Where there's a will, there's a way

Rose Patterson
Insights Newsletter
15 May, 2015

A society without government regulation is not an unregulated society.

It sounds paradoxical, but I am talking about self-regulation, or self-control, or that stuffy old Victorian concept, willpower.

Roy Baumeister and John Tierney’s 2011 book, Willpower: Rediscovering the Greatest Human Strength, covers research showing that willpower is not just a mythical 19th century concept the Victorians invented to resist succumbing to their vices.

Psychologists, Baumeister among them, over the last 20 years or so, have discovered that people are prone to losses in self-control when their mental energy, fuelled by glucose, is depleted. Along with intelligence, self-control or willpower is the personal trait most predictive of a good life.

The book cites a multitude of studies to show just how powerful willpower can be. The “strongest evidence” the authors say, comes from our own shores. The Dunedin Multidisciplinary Study has been tracking a cohort of 1,000 people from birth. Those who had better self-regulation as children, even when factoring in the effects of socio-economic status, ethnicity, and intelligence, are now doing better on a myriad of indicators – health status, education levels, criminal activity, and so on.

The concept of willpower rose to prominence in the 19th century, driven by two societal changes. First, farmers flocked to the cities. Second, the enlightenment cast doubt on dogmatic religion. “As Victorians fretted over moral decay and the social pathologies concentrated in cities, they looked for something more tangible than divine grace, some internal strength that could protect even an atheist.”

But from the early 20th century onwards, willpower lost its force. Today, say the authors “most social scientists look for causes of misbehaviour outside the individual: poverty, relative deprivation, oppression, or other failures of the environment or the economic and political systems”.

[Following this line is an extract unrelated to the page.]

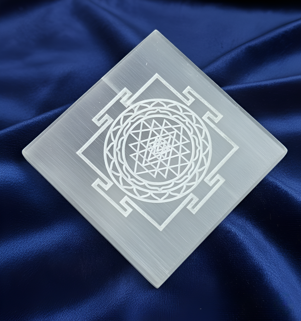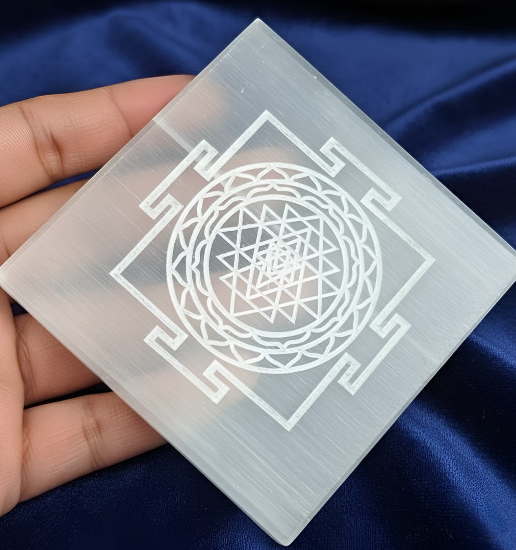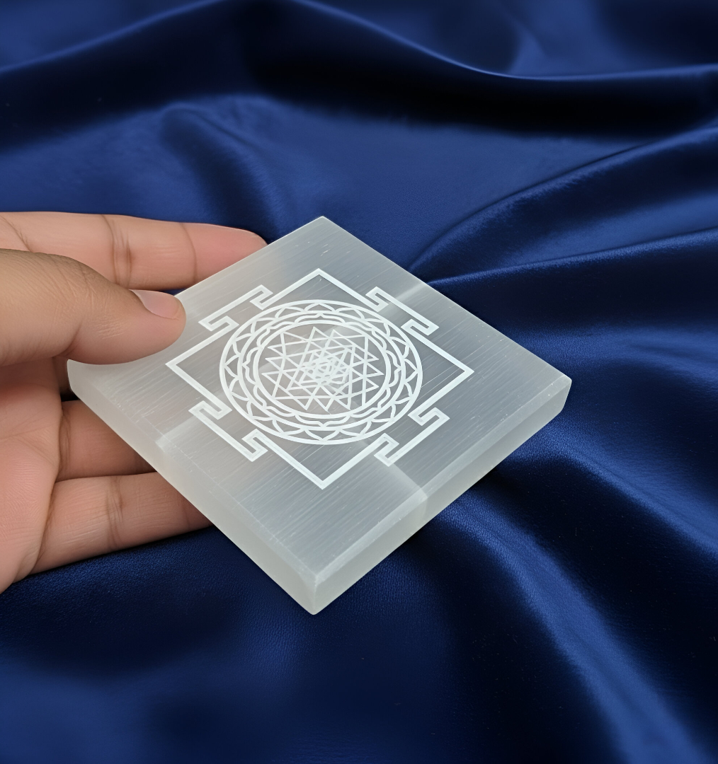 The Selenite Charging Plate with Shree Yantra from Jenil Gems is a powerful energy tool that combines the cleansing power of Selenite with the sacred geometry of the Shree Yantra. Known for its high vibration, Selenite purifies and recharges other crystals, while the Shree Yantra symbol attracts positive energy, abundance, and spiritual growth. Each plate is hand-crafted to promote clarity, peace, and divine connection.

Indeed the left winces at willpower, or other phrases and ideas in the same class of thinking, like personal responsibility, and self-control.

I can understand this.

Someone who grew up in the 1950s explained to me recently that his family did not have a car until he was in high school. They had little growing up. By today’s standards, they would be poor. Yes, poor income-wise, but he and his siblings have all done well. So why can’t people just pull themselves up by their bootstraps?

There are many families today who do not have much money, yet will their way towards a better life, but there are others facing life stresses associated with poverty that deplete mental energy. For these people, stress can lead to poor life decisions, which can become a downward spiral.

Fortunately, willpower can be developed. Dr Dione Healey from the University of Otago, for example, has developed a programme that helps pre-school children at risk of developing ADHD to better self-regulate.

Helping people to help themselves is always a more empowering way. The goal should be to work towards a society that is regulated not by government, but by people powering and willing their own way forward.